On the surface, it’s simple implementation. All of my acquaintances who talked to me about it did the same reasonable thing as me and implemented it quadratically. And the subset of those “who knew” had the same feeling of unease about doing it that way, yearning for the linearithmic way, but not really wanting to spend that much time to get it right.

We’ll get it right [enough] in this post, starting with a few imports to justify all the literate Haskelling.

import Control.Arrow ((&&&))
import Control.Monad (when)
import Data.Array (Array)
import Data.Array.ST (runSTArray,getBounds,newListArray,writeArray,readArray)
import Data.Char (digitToInt)
import Data.Foldable (toList,foldl')
import Data.Semigroup (Max(Max))
import Data.FingerTree hiding (reverse)

Let’s define a pair of useful types. First a FileId type synonym, mostly to distinguish it from size and index Ints.

type FileId = Int
data Chunk = Chunk
  { chunkWidth :: !Int
  , chunkFile :: !(Maybe FileId)
  }
  deriving Eq

Then a Chunk, which can represent either a file or empty space, depending on the Maybe within.

Our parsing will create those directly from the compressed disk map we’re given, generating file ids along the way.

parse :: String -> [Chunk]
parse str = chunks where
  diskMap = map digitToInt str
  chunks = go 0 True diskMap where
    go i  True (s:ss) = Chunk s (Just i) : go (i+1) False ss
    go i False (s:ss) = Chunk s  Nothing : go  i     True ss
    go _    _    []   =                 []

For code corectness concerns later on, it’s worth noticing:

It’s legitimate for there to be a 0-block empty chunk as a separator between two contiguous files.
It could be legitimate for there to be a 0-block file chunk as a separator between two contiguous empty spans. The problem statement isn’t exactly explicit about that. My puzzle input doesn’t have any, and assuming it doesn’t enables a nice simplification later on¹, so I’ll gracefully accept it.

We can now convert that list of chunks into a full-blown list of blocks, each decorated with their empty status or contained file id respectively.

expand :: Foldable f => f Chunk -> [Maybe FileId]
expand chunks = foldMap expandChunk chunks where
  expandChunk (Chunk width file) = replicate width file

In part 1, we compact by repeatedly moving the last non-empty block of the disk to the first empty position. Let’s represent the disk as an array.

part1 :: [Maybe FileId] -> Array Int (Maybe FileId)
part1 disk = runSTArray $ do
  arr <- newListArray (0,length disk - 1) disk

We could implement by linearly scanning the array to identify the two indices to exchange, but doing this at each iteration would result in a quadratic algorithm, which we originally decided we didn’t want to.

Instead we’ll notice the following: after we swapped two candidate blocks, there can never be an exchange involving a position to the outside of the disk segment they enclose. Why? If there was, that exchange would not have been valid in the first place, as either the left empty space wouldn’t be the leftmost empty space or the right file block wouldn’t be the rightmost file block, since there’d be a more outside pair available afterwards.

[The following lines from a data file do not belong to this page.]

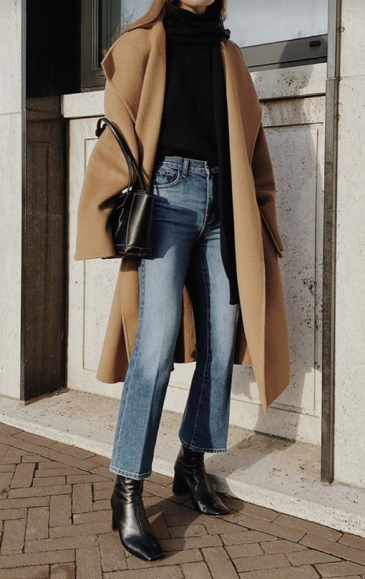 Similar Looks here: camel coat + black boots + turtleneck + black handbag + jeans
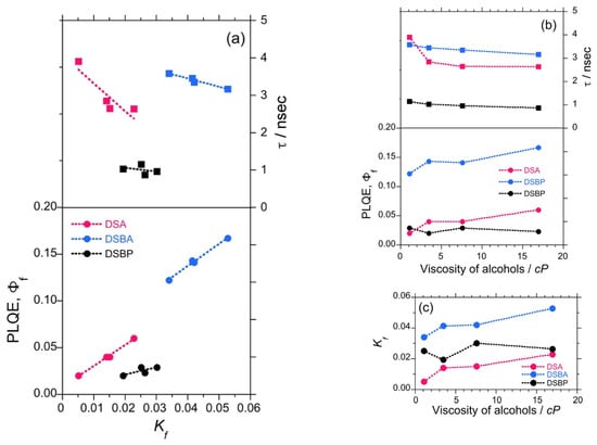 Relationships between radiative decay rate (Kf), photoluminescence lifetime (τ), and quantum yield (Φf) of DSA (red filled circles and squares), DSBA (blue filled circles and squares), and DSBP (black filled circles and squares) (a), the relationship between Φf, τ and the viscosity of four alcohols (b), and the relationship between Kf and the solvent viscosity (c). The solvents are ethanol 1.19 cP (25 °C), n-pentanol 3.47 cP (25 °C), n-octanol 7.59 cP (25 °C), and n-undecanol 16.95 cP (25 °C)) [48,49].
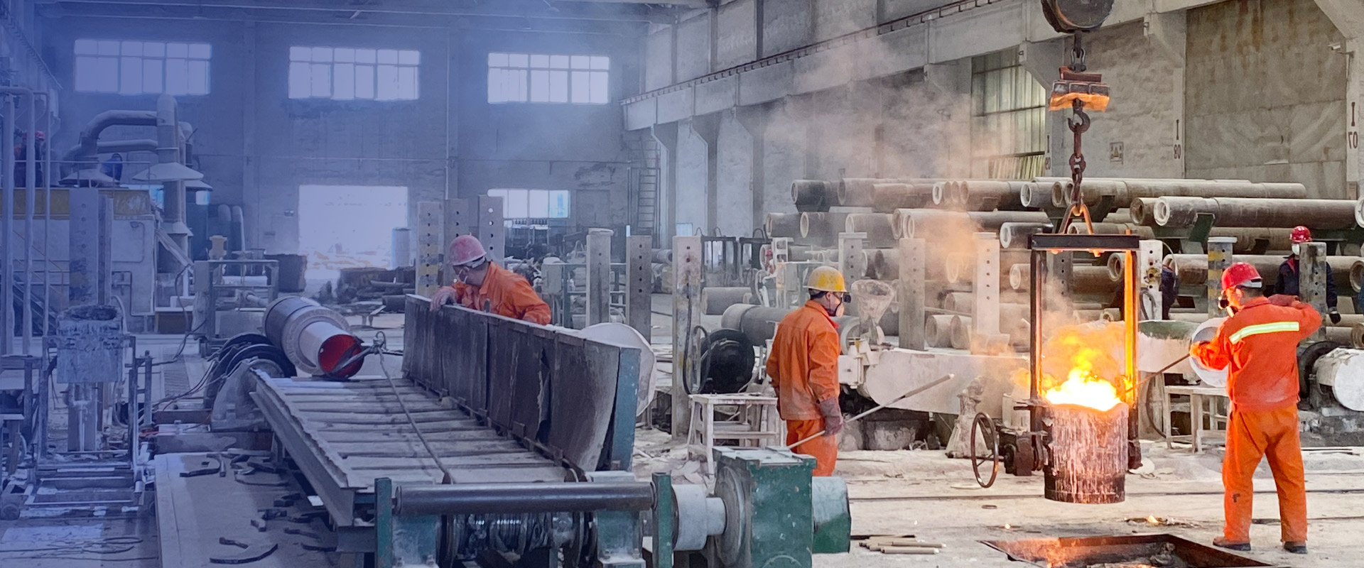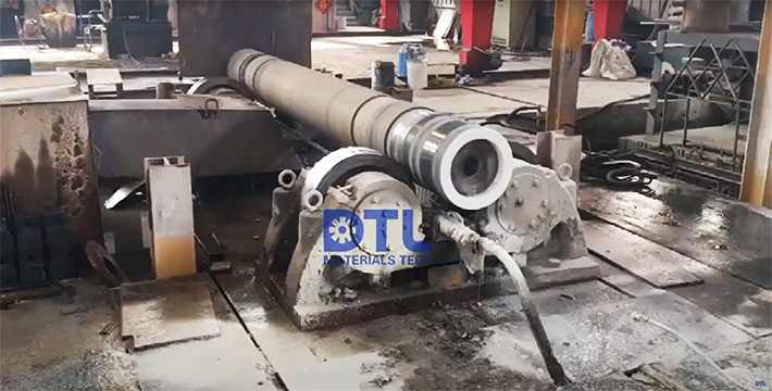 Centrifugal cast pipe dye penetrant testing The body of the sinking roller is produced using centrifugal casting technology. The picture shows that the sinking roller body is undergoing dye penetrant testing to detect defects that cannot be recognized by the naked eye, such as small cracks. Determine whether it is within the allowable range through professional standards in order to proceed with the next step of production and processing.
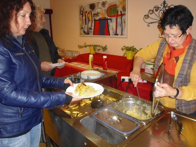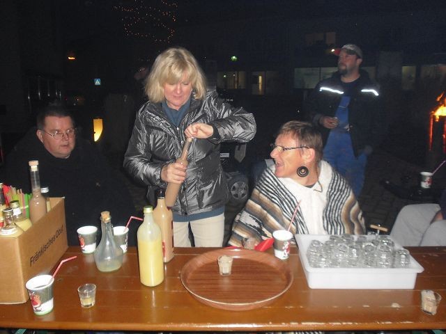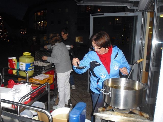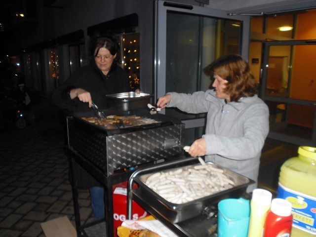 Auch für das leibliche Wohl wurde bestens gesorgt. In der Küche wurden Bratwürstle, Sauerkraut und Schupfnudeln zubereitet und zum „Einheizen von Innen“ gab es Glühwein und alkoholfreien Punsch. Auch selbstkreierte Liköre von Elisabeth Philipp waren im Ausschank. Zum Nachtisch wurden Rosenküchle frisch gebacken, die warm gegessen, am besten schmecken. Den Teig hat uns wieder Helena, die Kontakt zum Kulturverein Schöntal hat, mitgebracht. Ein herzliches Dankeschön dafür, dass wir auch dieses Jahr wie schon in den vergangenen Jahren mit dieser Spezialität verwöhnt wurden.
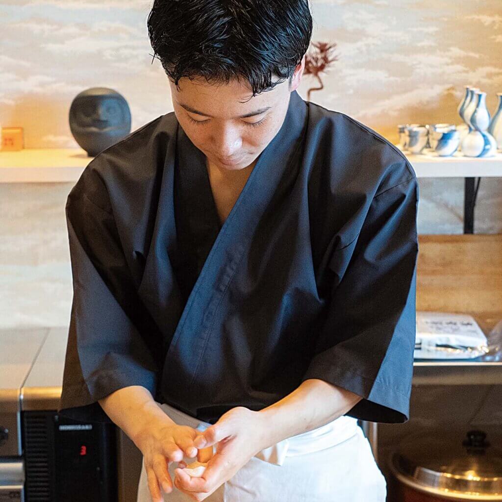 提供するのは、旬の鮮魚を使ったおまかせ握り。店名は「歌舞伎舞台の裏方の黒衣のように、主役のお客様が楽しい時間を過ごす手助けを」との思いを込めているのだそう。カジュアルながら洗練された和の空間で、寿司はもちろん、県内外の日本酒とのペアリングを楽しめます。
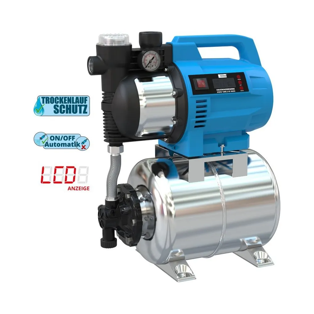 Domáca vodáreň s telesom čerpadla z nárazu odolného plastu, nádrž z nehrdzavejúcej ocele, obežné koleso z norylu, mechanické tesnenie, skrutka na vypúšťanie vody, vypínač, tepelná ochrana a spínač ochrany motora, automatický tlakový spínač s ochranou proti chodu nasucho. LCD displej pre prietok a výtlak, funkcia časovača (predvoľba času spustenia a ukončenia), integrovaný vodný filter. Na automatický prívod vody, zavlažovanie domu, dvora a záhrady dažďovou vodou alebo podzemnou vodou, na dopravu vody zo studní a cisterien.

We’ll just keep track of the current candidate pair, and advance each cursor in a single direction only until they cross. After they do, we know we’re done, since all points left of the cursors are filled, all points right of the cursors are empty, and they just went past each other, so effectively we only have two segments left on the disk: the left one filled with files and the right one empty.

Which yields a nice linear algorithm.²

  let go a b = when (a < b) $ do
        cur <- readArray arr a
        case cur of
          Nothing -> do
            cur' <- readArray arr b
            case cur' of
              Nothing -> go a (b-1)
              Just v -> do
                writeArray arr a (Just v)
                writeArray arr b Nothing
                go (a+1) (b-1)
          Just _ -> go (a+1) b

We launch it by initializing the cursors with the disk boundaries, and we’re good to go!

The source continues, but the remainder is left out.